An anonymous reader writes "NVIDIA's next-generation Tegra K1 ARM processor now has open-source support for its Kepler-based graphics. NVIDIA decided to submit a large queue of patches to the open-source, reverse-engineered Nouveau project for supporting their ARM Kepler graphics with the open-source driver. The patches are still experimental but this is the first time NVIDIA has contributed open-source code to Nouveau."

7 of 66 comments (clear)

  1. Nvidia has NOTHING to lose at this stage by Anonymous Coward · · Score: 5, Interesting

    Tegra has been a horrid disappointment for Nvidia till now, and the competition in the ultra-mobile SoC market is ramping up at a terrifying rate.

    -Tegra 1. The equivalent of Microsoft's Windows 1,2. If it ever existed, no-one noticed.
    -Tegra 2. Horribly late, missing NEON, and missing hardware acceleration for H264 video decode. Used in devices only because Nvidia was forced to give it away.
    -Tegra 3. First ARM SoC part from Nvidia worth using. Late, but good enough to get still get some major contracts as a highish end part.
    -Tegra 4. Pretty much an unmitigated disaster. Late and expensive enough to lose the small progress Tegra 3 had made. Wrongly specced, so Nvidia had to announce the 4i.
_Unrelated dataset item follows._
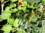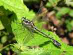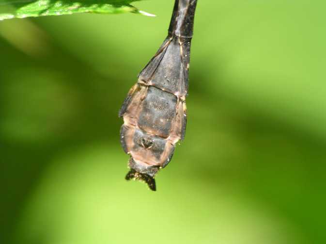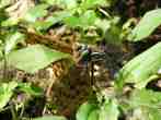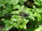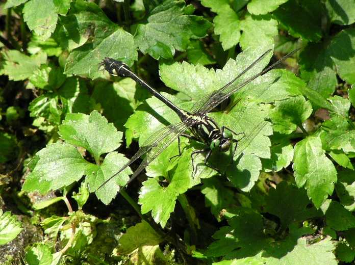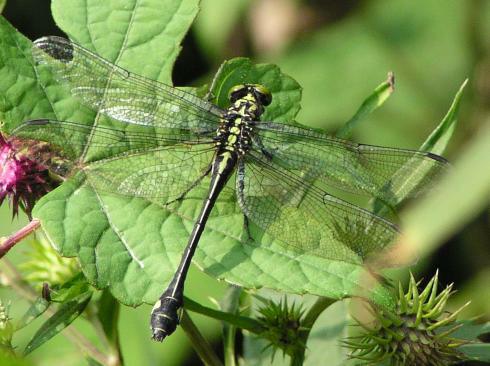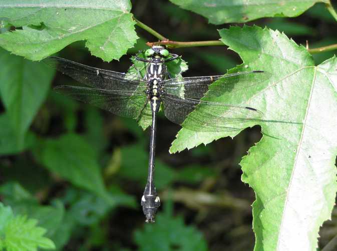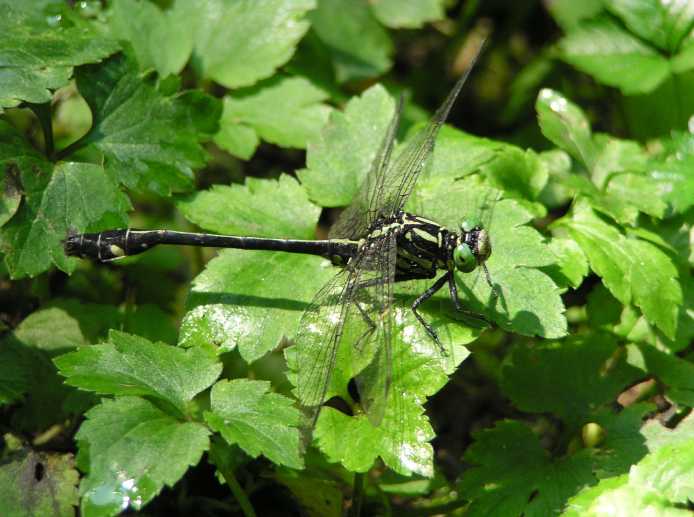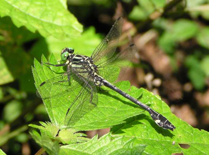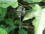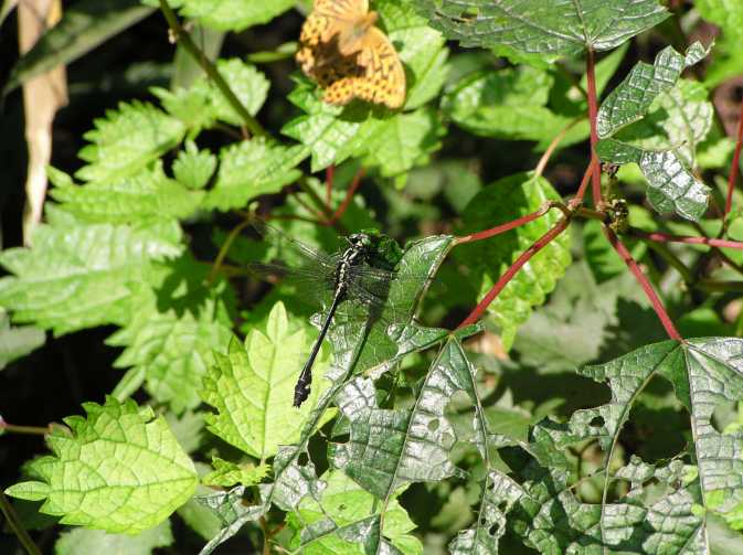 これは2005年9月18日の出来事です。前日塩那スカイラインでミヤマサナエを見かけ写真を撮ったのですが、あまりよい写りではありませんでした。そこで例年見かけている場所(木綿畑新田)へ行ってみることにしました。草の生い茂った山道を進み車を止めると、薄暗い道の先に蝶が飛んでいるのが見えました。ミドリヒョウモンとオオウラギンスジヒョウモンでした。写真を撮っていて、ふと横に目を移すと昨日撮り損ねたミヤマサナエがいました。ミヤマサナエは4センチ程の大きさで意外と小さいのです。何枚も写真を撮りました。初めの場所から2度場所を変えて留まりました。そしてそのたびにまた写真を撮りました。 その時です。 |

    -Tegra 5, renamed the K1. Built on the wrong process (not really Nvidia's fault- TSMC and others have failed to make the shrink progress expected years ago when this part was first planned). Using the wrong ARM core (A15), so Nvidia had to announce a later version of the K1 that will come with Nvidia's own 64-bit ARM core. Of course, this means the first K1 is already obsolete, long before it is on sale. First Tegra with PC class GPU cores, but not the NEW Maxwell GPU architecture Nvidia launches on the desktop in a few weeks time (750TI). So, the GPU is also out of date before the K1 goes on sale.

    The Tegra 5/K1 has a lot of graphic clout for an ARM SoC, BUT cannot use that power in a phone/normal tablet form factor. Therefore, Qualcomm and Apple will best the K1 in performance per Watt, once again.

    So, Nvidia has zero (ZERO!!!!!) to lose by throwing out all the tech details of the K1 into the public arena. Intel pulls the same stunt with its laughably poor integrated GPUs on its current CPU chips. If you can't compete, make your documentation open-source in the hope this will boot-strap some extra business.

    1. Re:Nvidia has NOTHING to lose at this stage by mrbluze · · Score: 4, Insightful

      If you can't compete, make your documentation open-source in the hope this will boot-strap some extra business.

      Too little too late. For YEARS we have been screaming for nvidia drivers that aren't buggy, closed and unstable, to the point of writing Nuveau, an open source hack (remarkably good but still crippled). Rot in hell, NVIDIA - I have wasted enough money on your hardware.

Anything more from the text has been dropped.